[Dataset excerpt — start]
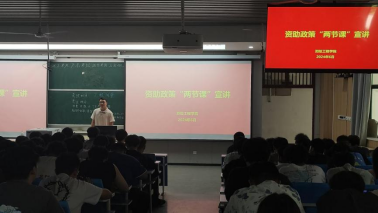刘志强为同学们讲解国家资助政策,高校贷款申请和还款流程等内容,激励同学们尤其是家庭经济困难学生自立自强、诚实守信、奋发成才。
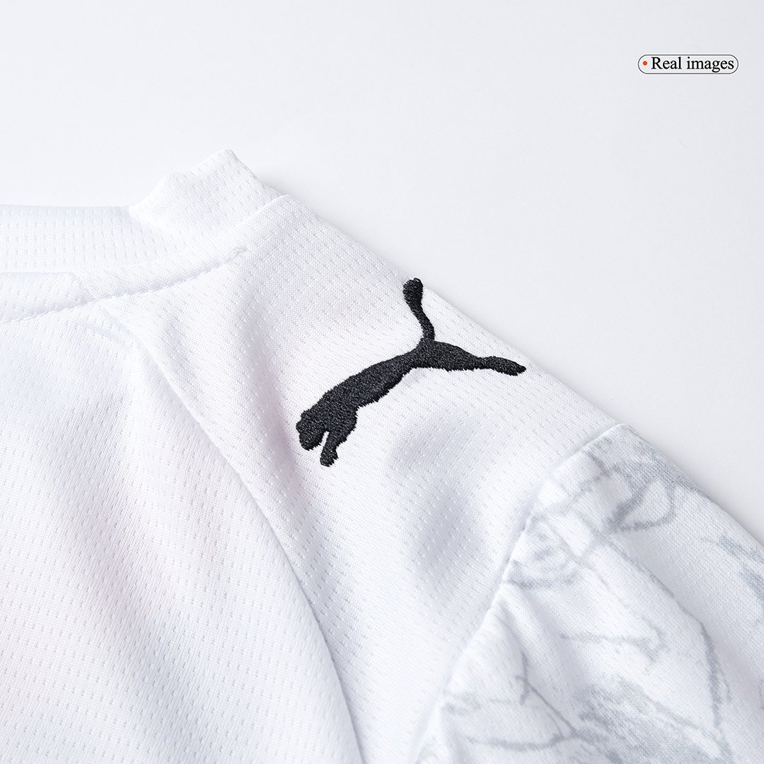 Crafted with lightweight, breathable fabric, this slim-fit shirt ensures comfort and ventilation while showing off the Manchester City crest and unique KidSuper detailing. Available in crisp white and neon sun variations, it's ideal for players or collectors.
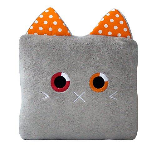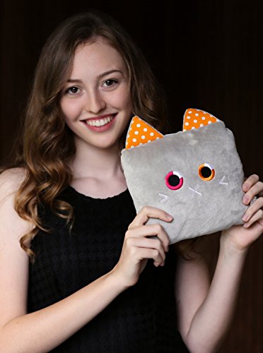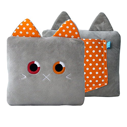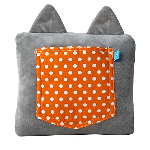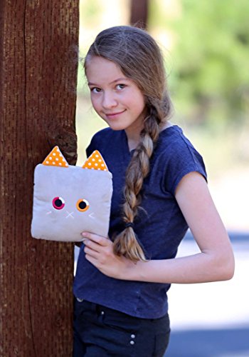 [Description] Soft 7.5`` square plush kitty cat pillow with orange polka dot cotton fabric details Useful 4x5`` plush-lined back pocket to hold a phone_ notebook_ eyeglasses_ or tooth fairy goodies Bright pink and orange embroidered eyes_ and perky ears made from cotton polka dot fabric and plush Designed by young entrepreneurs_ Sydney (16) and Toni (13) from palo alto_ California Made with the highest quality materials and care
[Dataset excerpt — finish]
**Work instructions**
Exactly the lines from the one containing "Crafted with lightweight, breathable" through the end of the data above: repeat those, both ends included, and nothing else. Skip the pictures.

**Written response**
 Crafted with lightweight, breathable fabric, this slim-fit shirt ensures comfort and ventilation while showing off the Manchester City crest and unique KidSuper detailing. Available in crisp white and neon sun variations, it's ideal for players or collectors.
 [Description] Soft 7.5`` square plush kitty cat pillow with orange polka dot cotton fabric details Useful 4x5`` plush-lined back pocket to hold a phone_ notebook_ eyeglasses_ or tooth fairy goodies Bright pink and orange embroidered eyes_ and perky ears made from cotton polka dot fabric and plush Designed by young entrepreneurs_ Sydney (16) and Toni (13) from palo alto_ California Made with the highest quality materials and care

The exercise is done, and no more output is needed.